I get the scenario you are writing about, but he continues to ask, and to me, it sounds like he is asking you out. His intentions, (whether he is just trying to hook up or whatnot), I don't know.

 

he goes to me continuously why i rejected him..n then his friend interjected and said she rejected you because of ____ and i was like yes thtts the reason why..and hes like no thts not your reason thts his reason...whats your reason...

 

but ye since then someitmes he wont even come up to me n joke about other stuff like he nrmally does it will just be so why wont you come out here with me.and then hes like wear a dress..

Posted (edited)
i said are you for real..and he said ye..but i just cnt seem to take him seriously because of the way he talks to me..like he'll be saying funny things to me all the time..and just kiddin around so when it comes to something like asking me out i also assume hes not being real

and tht hes jst flirting..

 

hes asked me for the last couple of weeks though..i think i mostly thought he was playing along with what our coworker said about him hving a soft spot for me in her opinion and then said to him why doesnt he just ask me out and get it over and done with..and then he was like yes ok will u go out with me..and he cme up to me in front of everyone..and when i walked away he playfully was lik calling my name..in a jokey creepy stalker way lol..so i continued to not think he was serious

 

but then it went from why did u reject me when i asked u out to him actually coming up with a restaurant name..and saying lets go there..and hes been going with tht for the last two weeks or so..

 

Yes, I read all this in your Original post.

 

It sounds like they are both a bit immature and to be honest, if it was me and two girls were acting like that, I would be annoyed probably by now.

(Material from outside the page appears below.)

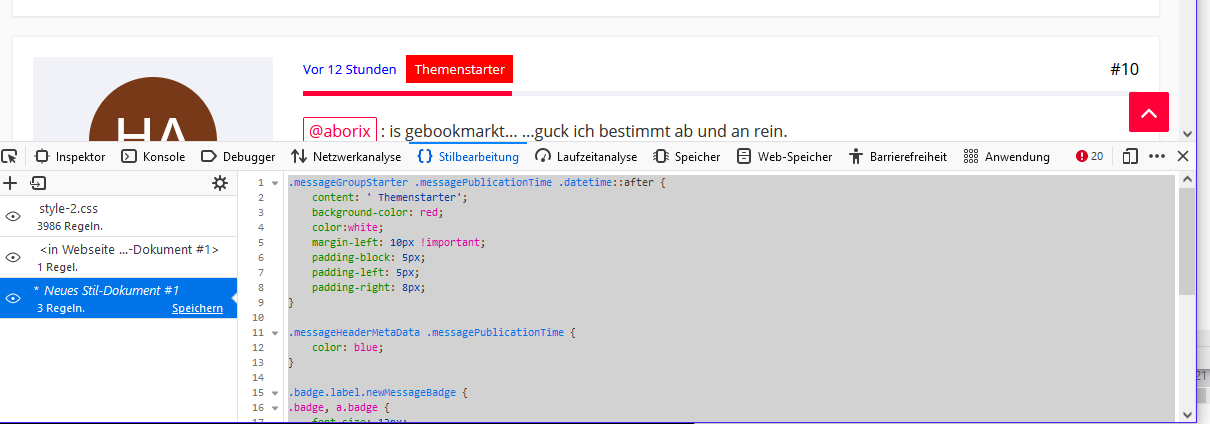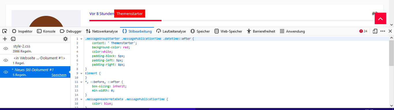 Alles anzeigen.messageGroupStarter .messagePublicationTime .datetime::after { content: ' Themenstarter'; background-color: red; color:white; margin-left: 10px !important; padding-block: 5px; padding-left: 5px; padding-right: 8px; } .messageHeaderMetaData .messagePublicationTime { color: blue; } .badge.label.newMessageBadge { .badge, a.badge { font-size: 13px; } .badge, a.badge { background-color: blue; border-radius: 2px; color: white; display: inline-block; line-height: 1.28; padding: 2px 6px; position: relative; vertical-align: middle; white-space: nowrap; word-wrap: normal; font-weight: 400; } }Jetzt siehts mit dein Zeile so aus. Aber wie macht man es, dass es im Forum so anzeigt? Habe es als CSS-Datei geladen. Oder funkt es nur mit dem Stilbearbeitung?

Most likely, if I did kinda crush on the girl, I most likely wouldn't be crushing as much as before. I do not know you that well, but I am guessing you are a bit more grounded and mature. Or maybe, I am wrong and this behavior is cute and attractive to you.

 

Also, I think your friends views are a bit skewed based on her feelings and possibly how she wishes it was her he was doing this to. Her comment about you being an easy target, I am not sure if she means "easy" target as in being able to hookup if he got you on a date, or easy target for someone to pick on you. Either way, she seems a bit, being mean about it.